I am basically a shy person, and I fear rejection. Yet, my curiosity and intuition are greater than my fear when I approach someone.

“As women get older it’s hard to get out of a shell that no longer serve them,” Hott adds. “However later-life bonding is essential. Isolation and loneliness are killers.”   

Hott points to the island of Okinawa where the average age expectancy for women is 90 (84 for men), with a population of about 400 centenarians. The healthy diet of these super agers is heavy in fish, grains, vegetables (especially sweet potatoes) and seaweed products. Staying productive and socially engaged are also primary forces leading to longevity. The elders of Okinawa work well into their 80s and 90s, and many live among peers in senior communities or in multigenerational families.   

After 60, I took a few writing workshops to sharpen my skills and get feedback on my work. One of my teachers, 20 years my junior, became a close friend. We talk about projects we are working on, romantic relationships, our families and everything else. She is in the ecstatic throes of her 5-year-old marriage. I am long divorced, though now have grown closer to my ex.

Though she is only 50, we both understand and appreciate our diverse perspectives on life, and I get to give a little aged wisdom.
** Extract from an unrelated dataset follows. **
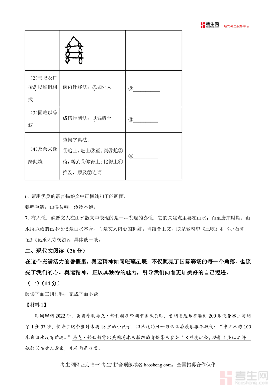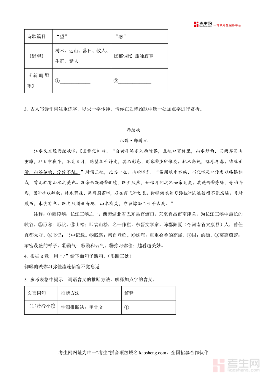 《精品解析:湖南省长沙市天心区2024-2025学年九年级上学期开学考试语文试题(原卷版).docx》是一份聚焦区域教学实际、服务九年级学生语文开学检测需求的优质备考资料;其主要内容涵盖古诗文阅读(含王绩《野望》与王维《新晴野望》对比赏析、郦道元《西陵峡》文言解读)、现代文阅读(以奥运精神为主题多材料分析、运动员心理素质培养专题文章)及名著阅读(革命岁月相关选段)三大核心模块,同时包含规范答题要求与典型题型示例;特色亮点在于严格遵循本地教学大纲导向,题型设置贴合区域考试命题趋势,注重文本解读能力与应试技巧结合考查。

When I joined the National Arts Club, in my 60s, volunteering on the literary committee, I became close with another member whose life is very different from mine. She and her husband are comfortably retired executives, with four grown children and four grandchildren. As an artist, now writer, retirement is not my goal. This friend is used to being a “we,” I see myself as an “I” most of the time. Sometimes those types of particulars don’t matter.

What does matter is connecting with empathy and sharing a sense of humor. After I fractured my neck in 2019, this new friend visited me in the hospital and during my recuperation at home. These later-life friendships are not superficial. We know the good and not so good about each other’s families, phobias and priorities.  
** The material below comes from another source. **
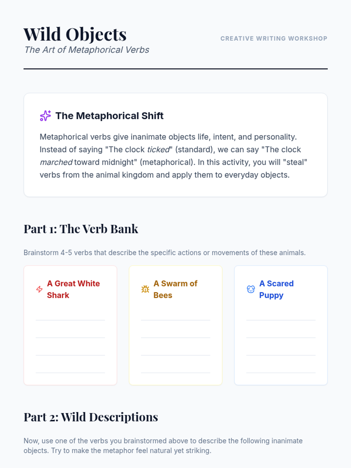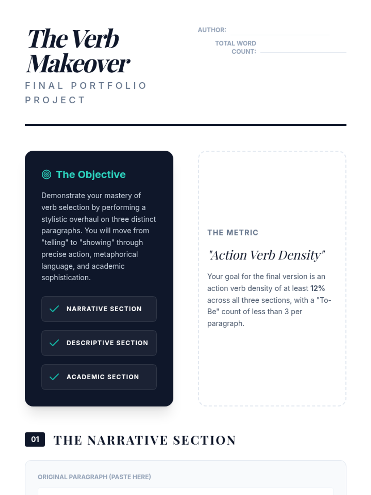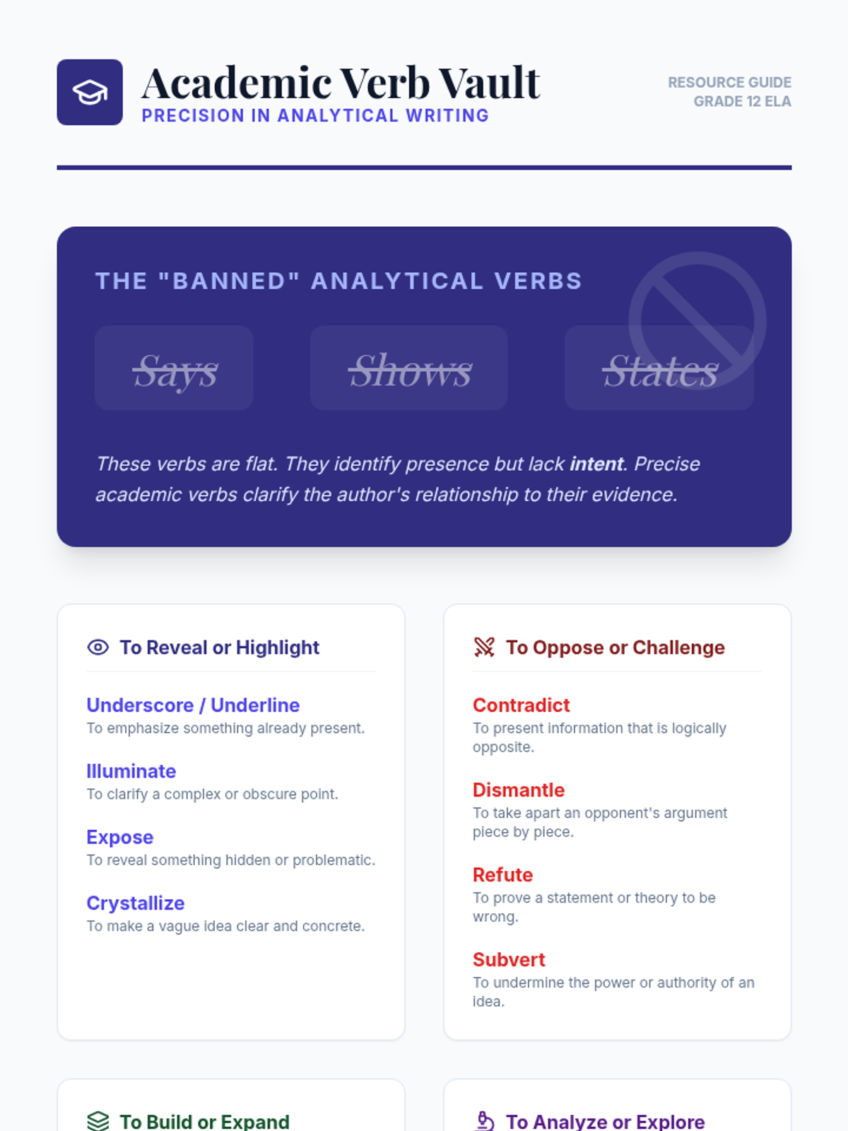 A 12th-grade ELA sequence focused on the stylistic power of verbs. Students move from auditing their own writing for weak verbs to mastering the use of precise, metaphorical, and academic verbs to enhance clarity and tone.

As I get older, I have found that I value deeper relationships with close friends even more and will go out of my way to maintain them. What it comes down to is that we only need a few good friends — to share interesting conversation, to support each other through challenges, to laugh together over dinners. There’s a richness in one-on-one relationships.   
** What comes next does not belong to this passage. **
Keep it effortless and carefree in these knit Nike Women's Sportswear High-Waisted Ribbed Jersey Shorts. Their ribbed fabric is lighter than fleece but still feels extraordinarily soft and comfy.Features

Susan Rosenberg Jones, 70, a photographer with whom I have collaborated, is one of those new friends. We met a couple of years ago at a gallery opening. As we got to know each other, it was clear that we had a lot in common, and we support each other's artistic endeavors. One of our first get-togethers was at my apartment, where I sat for a portrait she submitted and showed in a photography exhibition.   

As someone who cherishes my new friend group, here are my takeaways for other older women who want to expand their social circles: Do what you love to do in a situation where other people are doing the same, from artistic endeavors to participating in a sport. Teach a class in something you know well; take a class in something you don’t know. The important thing is to stay connected, and in this ongoing pandemic, Zoom is a savior.

When it is comfortable, these cyber relationships can evolve into solid friendships. New friends bring out new sides of us, at every stage of life.